Elizabethtown (original) (raw)

Elizabethtown

Written and directed by Cameron Crowe

Starring: Orlando Bloom, Kirsten Dunst, Susan Saranden, Judy Greer and Alec Baldwin

Rating: PG13

My rating: 3 out of 4 stars

This movie seems to be getting a mixed bag of reviews from all the pros, but for this ordinary person watching a movie about success and failure, life and death, despair and love, it was a very real mix of elements that are so hard to define and categorize and yet is so very recognizably human. Life is, after all, messy and hard to contain in one little neat description.

I'm a little curious if the very opening scene and accompanying voiceover is what lost some people right at the beginning of the movie, perhaps making it difficult for them to watch the rest of the movie without some irritation at the opening impression. My personal wank of that issue is this: It was merely playing a part in the whole hyperexaggeration of the magnitude of Drew's fiasco of a failure. Along with the hyperexaggerated quality of the opening voiceover (which drove me a little crazy - I was so glad when they finally let Drew start talking "normally".) The failure that cost a company a billion dollars. The failure that he was supposedly responsible for. There was a nod to the fact that he wasn't alone in causing this disaster - Alec Baldwin's character spent his whole time with Drew laying on the guilt trip, manipulating him into publicly accepting sole responsibility in that interview with the journalist (Baldwin was awesome) - but the fact that he was manipulated into that tells us that he wasn't, in fact, the only person responsible for the fiasco. He was just the scapegoat.

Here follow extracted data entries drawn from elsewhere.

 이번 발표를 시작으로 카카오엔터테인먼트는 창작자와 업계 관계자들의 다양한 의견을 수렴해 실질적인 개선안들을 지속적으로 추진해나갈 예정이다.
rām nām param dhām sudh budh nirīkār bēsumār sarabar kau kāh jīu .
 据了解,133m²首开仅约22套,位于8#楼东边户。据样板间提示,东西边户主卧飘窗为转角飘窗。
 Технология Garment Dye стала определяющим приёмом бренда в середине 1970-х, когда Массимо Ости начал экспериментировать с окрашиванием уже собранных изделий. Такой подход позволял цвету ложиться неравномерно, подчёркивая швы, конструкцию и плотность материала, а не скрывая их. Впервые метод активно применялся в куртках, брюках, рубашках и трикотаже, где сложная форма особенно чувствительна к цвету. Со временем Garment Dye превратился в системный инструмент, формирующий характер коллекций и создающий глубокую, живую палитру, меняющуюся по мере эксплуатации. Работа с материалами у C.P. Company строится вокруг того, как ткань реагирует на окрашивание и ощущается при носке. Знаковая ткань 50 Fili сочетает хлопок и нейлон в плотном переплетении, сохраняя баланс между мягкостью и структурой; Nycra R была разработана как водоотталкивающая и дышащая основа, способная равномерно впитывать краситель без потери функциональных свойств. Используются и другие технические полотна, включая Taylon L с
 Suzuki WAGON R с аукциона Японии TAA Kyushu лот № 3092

The pacing of the movie felt more documentary style - there was no rush to get to some "big moments". Instead, we were treated to many, many small moments that are so recognizable and real. I've been there, I've done that. I KNEW some of these people. I've met them. I'm related to some of them. And - I *liked* it.

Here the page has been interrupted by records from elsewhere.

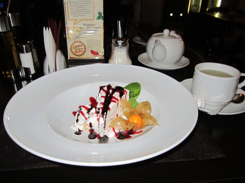 Мой столик обслуживала официант Наталья - очень рекомендую! Исключительно компетентная, контактная и динамичная девушка. По крайней мере, мне во время нахождения в ресторане общаться с ней было исключительно легко и приятно. Естественно, поначалу заказал чудный капучино карамельный и совсем немного метаксы - без метаксы разобраться с этим меню совершенно невозможно, зато с метаксой - всё легко и понятно!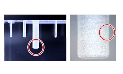 超音波あり/なしで、ダイヤモンド電着ツール先端とザグリ穴表面のチッピングを比較しました。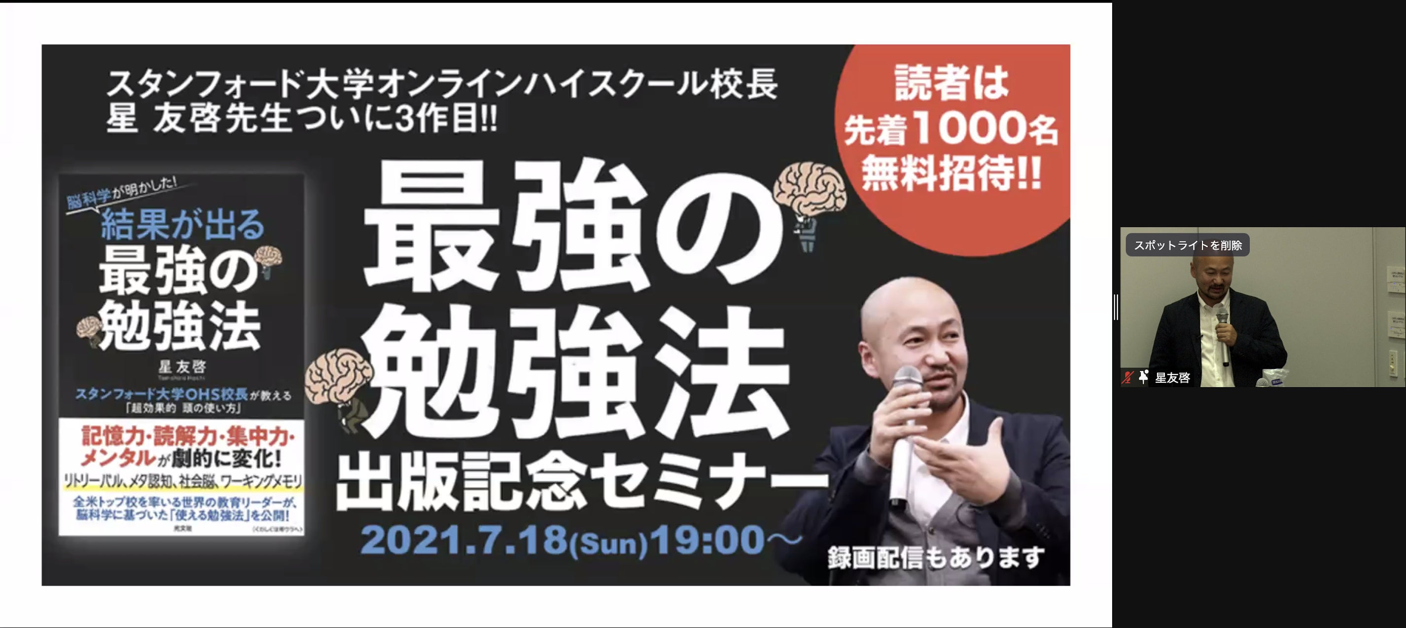 ▷2021年7月「『脳科学が明かした!結果が出る最強の勉強法』出版記念講演会」

Orlando Bloom plays the main character, Drew Baylor, and he did a great job - and the fact that he was also managing with a (to him) foreign accent and maintained it was impressive. He has such an expressive face, and there are some really enjoyable moments when he's interacting with the Kentucky branch of his family that he transmits Drew's thoughts and feelings without uttering a word. A look, a quirk of his eyebrow, and flicker of reaction across his face tells the story.

Kirsten Dunst's character Claire is a little uneven. Her accent, for starters, was far more inconsistent than Bloom's. But she pulls off that quirky, initially annoying borderline stalker personna and successfully morphs into a person with secrets and issues of her own, and you can understand why Drew eventually is so attracted to her.

The ending of the movie felt too rushed. That moment when Drew finally lets go of his emotions and grieves for his father - that should have been the climax, a huge point of carthesis for Drew. The payoff of his character's journey. By letting himself feel and care, he was making himself a part of life, not cutting himself off from everything/staying suicidal. And instead of that being a huge moment, it was rushed through in a blink and you'll miss it montage. Getting the girl should have been the icing on the cake, not the payoff. IMHO, lol. Instead, it was played that getting the girl was the payoff. It just felt rushed and cut short.

Which leads me to give a final score to the movie as thus: a good movie with the potential to be great, but some flawed structural issues takes it down a notch.

I do recommend this movie, despite my criticisms, and I think I'm criticising it in such a nitpicky fashion because it is, in fact, really good and I just wanted it to climb that notch into greatness. But here I am, two days later, and I still find myself thinking about Elizabethtown, reflecting on life and family relationships, and wanting more of this movie, and really - any movie that leaves you wanting more certainly did something very right.